The Department of Transportation is expanding its ongoing traffic safety data initiative by launching a prize competition on Challenge.gov.
The challenge, called Solving for Safety, seeks new data visualization tools that can “reveal insights into serious crashes and improve understanding of transportation safety.” DOT is calling on “solvers” from tech companies, research firms, academic institutions and more to build tools that can both analyze data for unseen patterns and visualize model simulations in service of the creation of better policy.
“Recent innovations in data analytics and visualization tools give us the potential to understand risk at the system level, and to develop tools and discover insights that will lead to new, life-saving strategies that address injuries and fatalities on our roadways,” Under Secretary for Policy Derek Kan said in a statement.
In addition to solvers, the challenge calls for participation from “challenge innovation agents” — companies and organizations in the transportation safety space who can provide “real-world knowledge, guidance, insight, issues, and data to Solvers.”
Potential focus points for challenge solvers include protecting the safety of non-motorized road users like pedestrians and cyclists; educating particularly risky road users, like young drivers or drowsy drivers; and better understanding what differentiates a near-miss from a crash at “conflict points” like intersections and railroad crossings.
The challenge will be run in three stages, with prizes totaling $350,000.

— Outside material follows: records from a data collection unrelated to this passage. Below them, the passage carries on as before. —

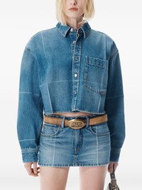 Vintage-Effect Marbled Blue Denim Cropped Shirt
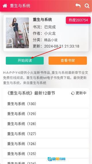 在排行榜页面,点击“重生与系统”,即可进入该小说的详情页面。
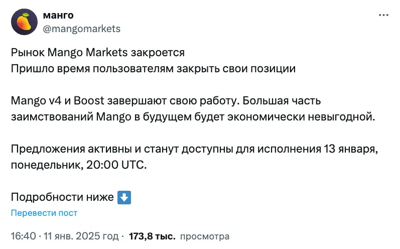 11 января Mango Markets объявила через свой аккаунт X, что она «закрывается» и пользователям пора «закрыть свои позиции».
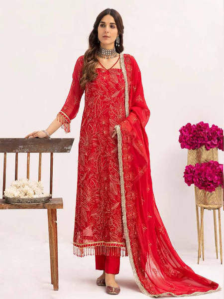Embroidered & Hand Work Premium Luxury Chiffon Dress
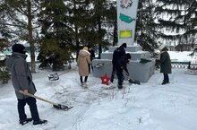 Мәктәбебезнең волонтерлар отряды авылыбыздагы һәйкәл яны территориясен кардан чистарттылар.
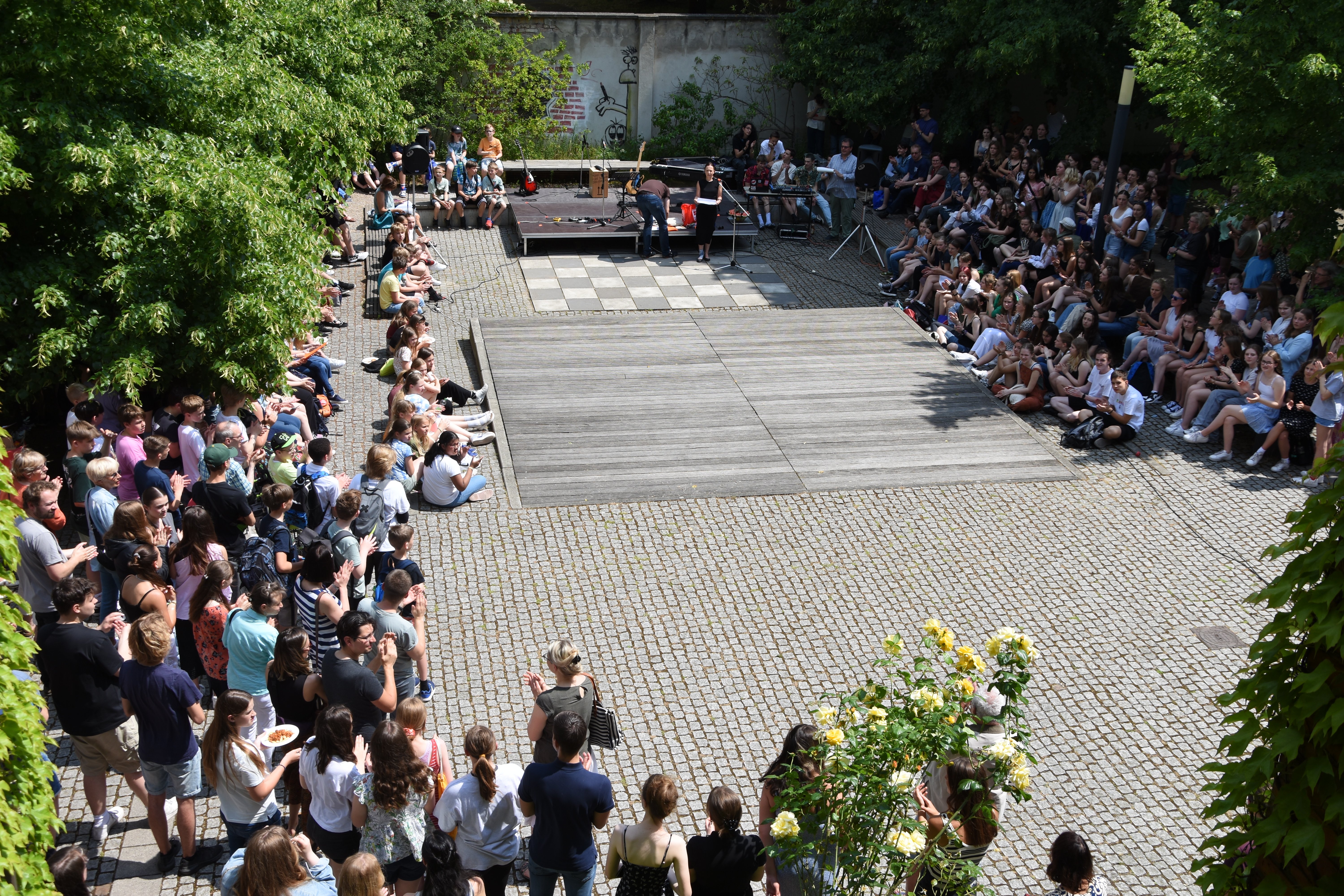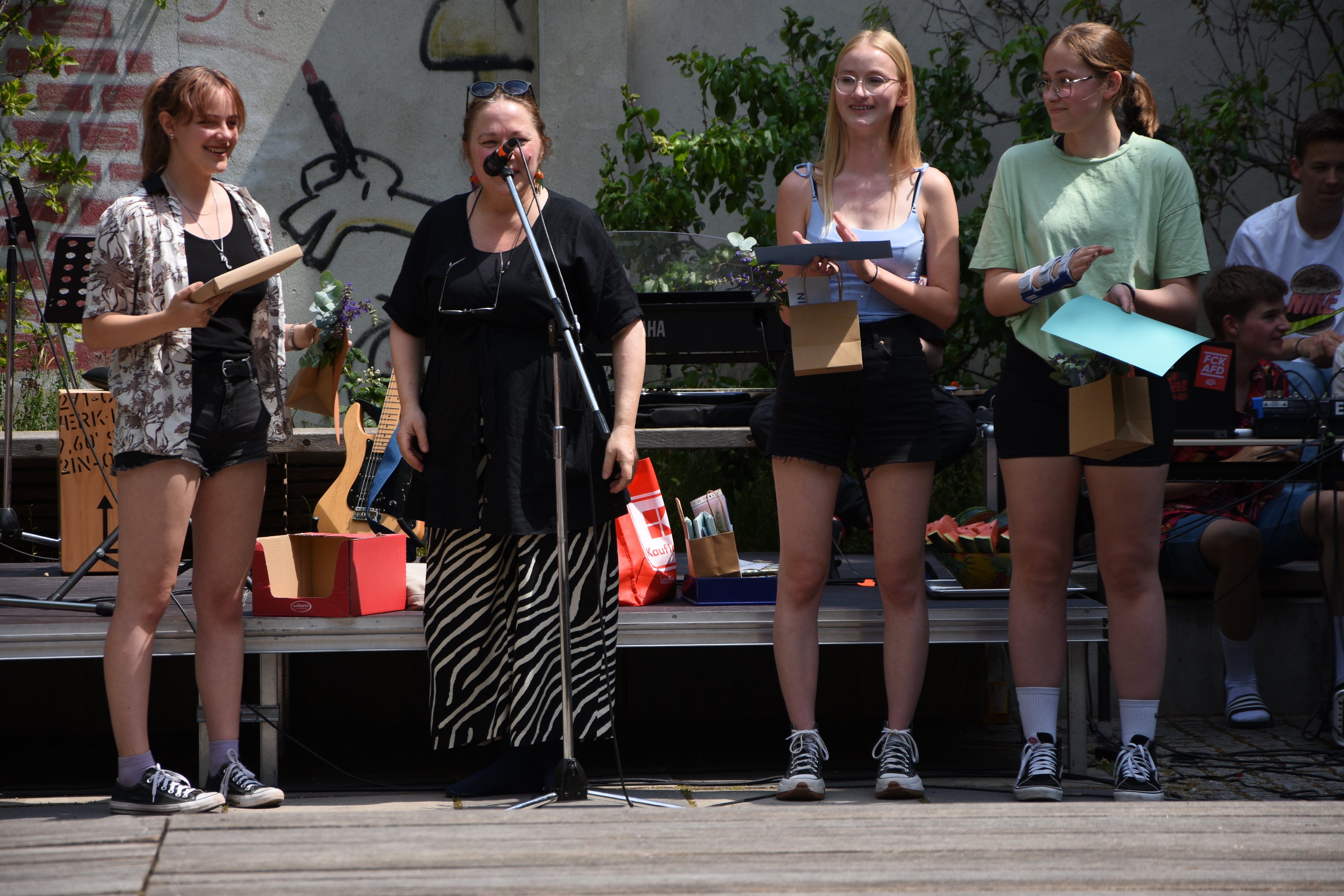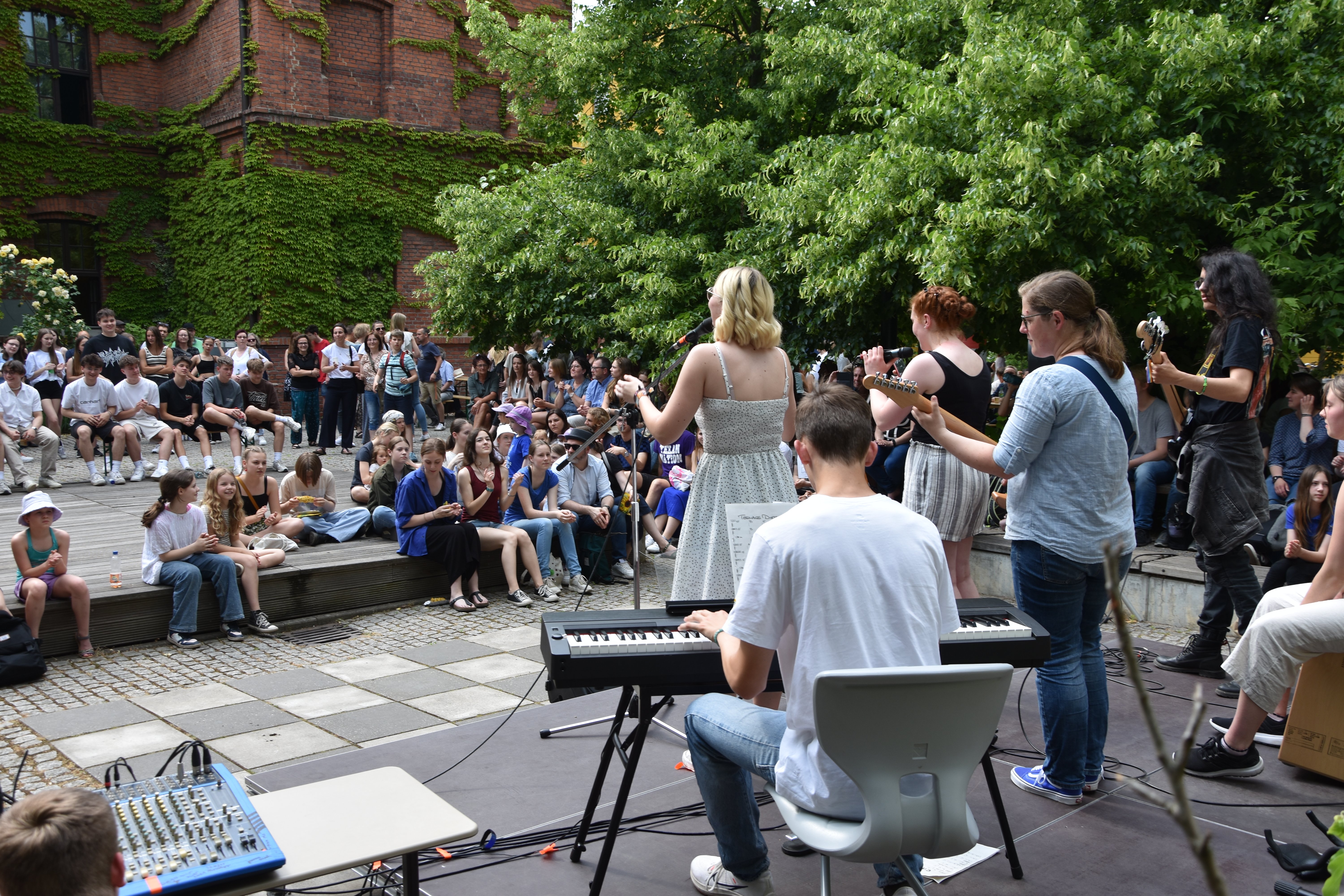 Das diesjährige Freie Lernen fand mit dem Präsentationstag am 09.06.2023 bei bestem Wetter seinen Höhepunkt. Zu Beginn fanden vielfältige Ehrungen durch unseren Schulleiter und verschiedene FachlehrerInnen statt, da viele Preise im Laufe des Schuljahres durch unsere SchülerInnen erreicht wurden. Den Schlusspunkt des Tages setzte unsere neuformierte Schulband. Dazwischen konnten die vielen gestalterischen Projekte, die unser Schulgebäude und das Schulgelände zieren, bestaunt werden. So wurden im vergangenen Schuljahr
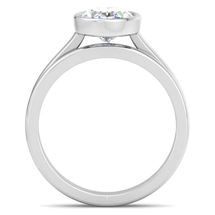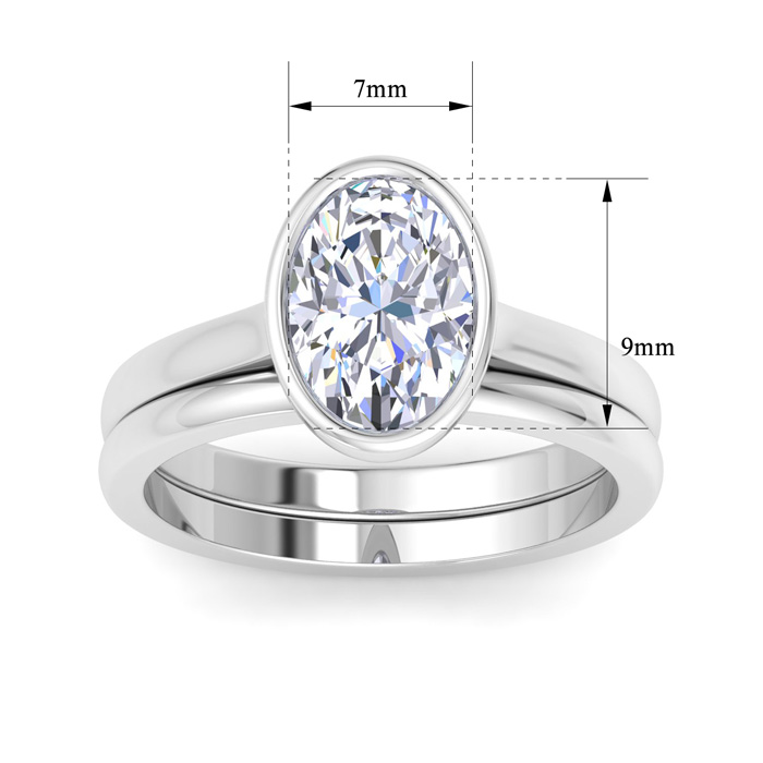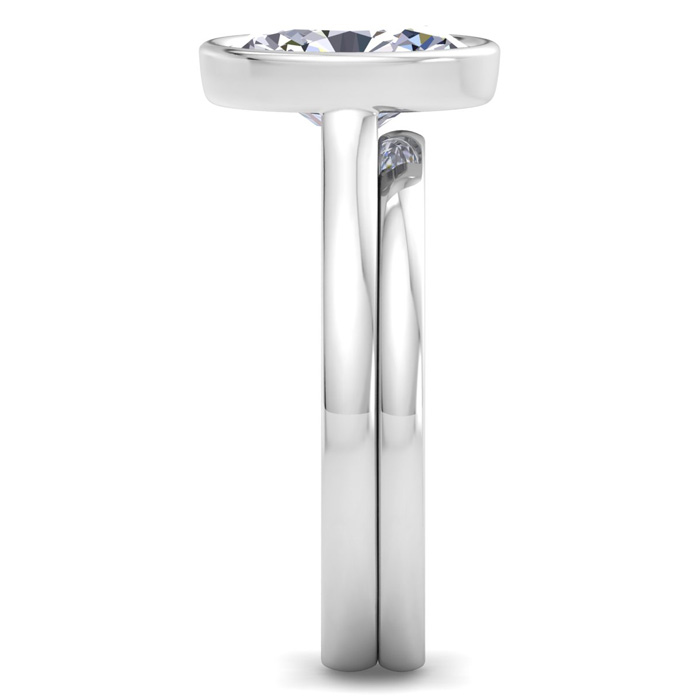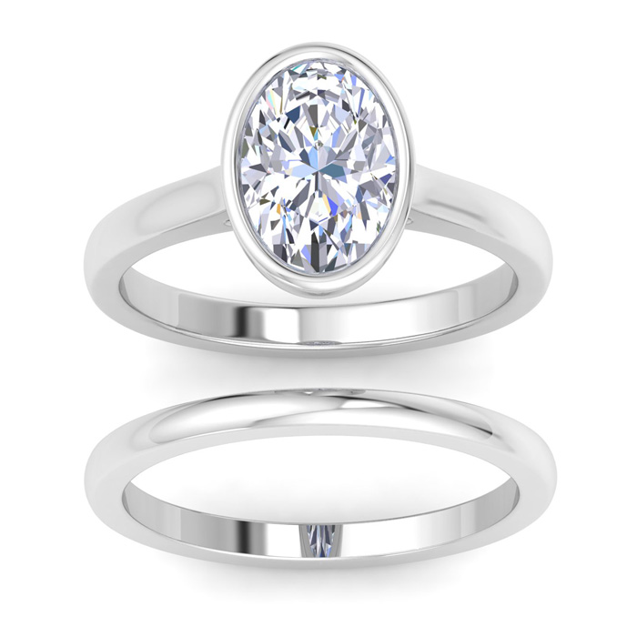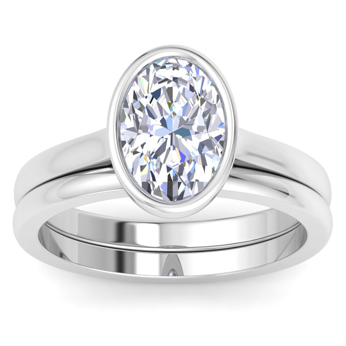 2 Carat Oval Shape Lab Grown Diamond Ring With Matching Band In 14K White Gold, Solitaire Bezel Setting
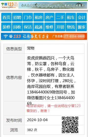 卖虎皮鹦鹉四只,一个大鸟笼,防尘罩,各种鸟食,云梯,秋千,鸟房子,敷化箱,饮水器啥都有,因女主人怀孕,没时间打理,280元,南岸花园自取,有意者联系13846440069微信同号,加微信看图片女士13846440069 【电话咨询时,请一定说明在七台河信息网看到的,谢谢!】 |
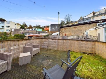 Two bedroom maisonette property located in Torquay, Devon. The accommodation is set over two floors with one bedroom on the ground floor alongside a kitchen and bathroom. The first floor comprises a single bedroom along with the living room which provides access to a private roof terrace.
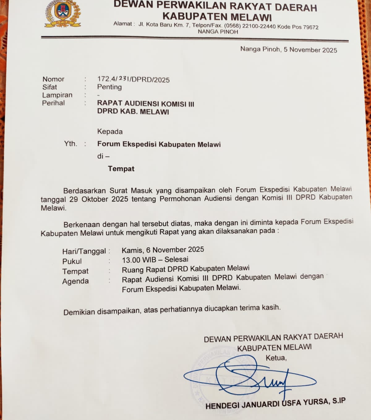 Dalam surat yang ditandatangani lansung oleh Ketua DPRD Melawi, Hendegi Januardi Usfa Yursa, S.IP, disebutkan bahwa audiensi ini merupakan tindak lanjut dari surat permohonan yang diajukan Forum Ekspedisi pada 29 Oktober 2025.

This competition is the newest piece of DOT’s Safety Data Initiative, launched in January, which set out a department strategy of using big data to make American highways safer. There were 37,461 motor vehicle crash fatalities in 2016, a 5.6 percent increase over the previous year. The Safety Data Initiative also includes two data pilots, including one with the navigation app Waze where DOT crash data is being integrated with crowdsourced hazard data in the app to see if this information can be used to predict likely future accidents.